AtlasVA: Self-Evolving Visual Skill Memory for Teacher-Free VLM Agents

Welcome to the official repository for AtlasVA! 🚀

AtlasVA is a teacher-free visual skill memory framework designed for Vision-Language Model (VLM) agents. Unlike traditional methods that compress spatial knowledge into lossy text and rely on proprietary LLMs for supervision, AtlasVA keeps experience visually grounded. It organizes memory into three complementary layers: spatial heatmaps, visual exemplars, and symbolic text skills. By evolving danger and affinity atlases directly from trajectory statistics, AtlasVA provides dense, coordinate-aware guidance for reinforcement learning. This unifies perception, memory, and optimization without external LLM supervision, achieving strong performance on spatially intensive tasks like Sokoban, FrozenLake, 3D embodied navigation, and 3D robotic manipulation! 🏆

The overall architecture of AtlasVA. (a) The Three-Layer Visual Memory (VSM) stores spatial heatmaps, visual exemplars, and symbolic text skills. (b) Teacher-Free Visual Atlas Evolution bootstraps memory from raw interaction history. (c) Atlas-Grounded Dense Visual Reward Shaping provides coordinate-aware guidance for RL. (d) Policy Optimization unifies perception, memory, and optimization.

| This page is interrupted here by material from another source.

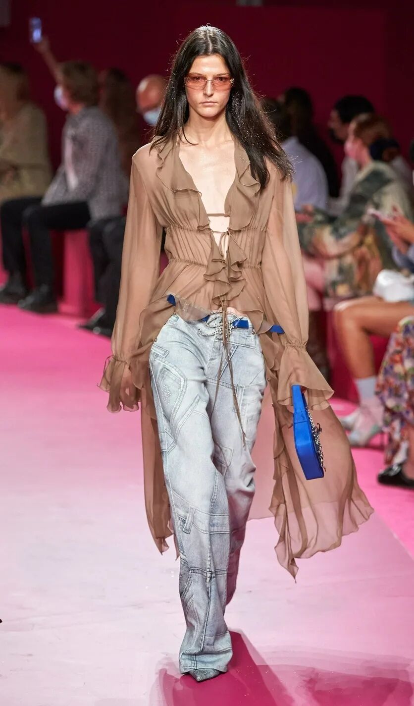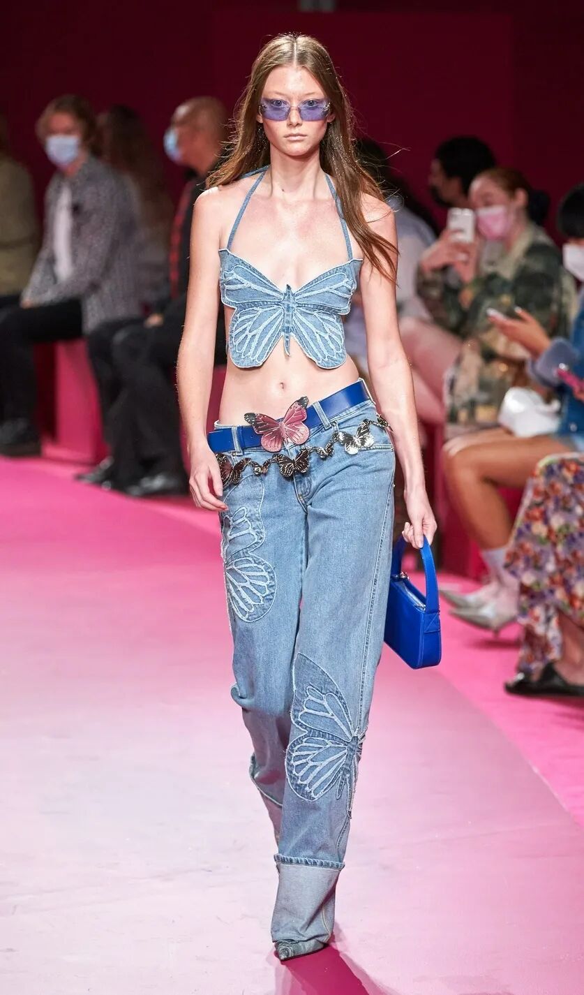 Blumarine的2022春夏新品把人们瞬间带回了20年前,将极具标志性的低腰牛仔、充满复古味的造型投掷在时尚圈舞台上。

The code is organized to reproduce the reinforcement-learning runs and evaluation scripts used in the paper. The main package is atlasva, and the training backend is built on the vendored verl directory.

📦 What Is Included

atlasva/: AtlasVA environments, agent loop, visual skill memory, reward shaping, and evaluation utilities.
atlasva/configs/: Hydra entry configs. The main training config is atlasva_multiturn.yaml.
scripts/: training and validation configs for each environment.
scripts/Giants/: API-based zero-shot large-model evaluation scripts.
verl/: the RL training backend used by the training scripts.

⚠️ Note: Large model checkpoints and experiment outputs are not included in the source artifact. Training scripts write outputs to exps/.

💻 Hardware and Software Assumptions

The full training scripts are configured for one node with 8 GPUs:

🐧 CUDA-capable Linux machine (CUDA 12.8).
🎮 8 GPUs for the default scripts.
🐍 Python 3.12. We used a Conda environment (PyTorch: 2.8.0+cu128, PyTorch CUDA build: 12.8).
🧠 Qwen2.5-VL-3B-Instruct as the default policy model.
📊 Optional Weights & Biases logging. Disable or change trainer.logger in the scripts if W&B is not available.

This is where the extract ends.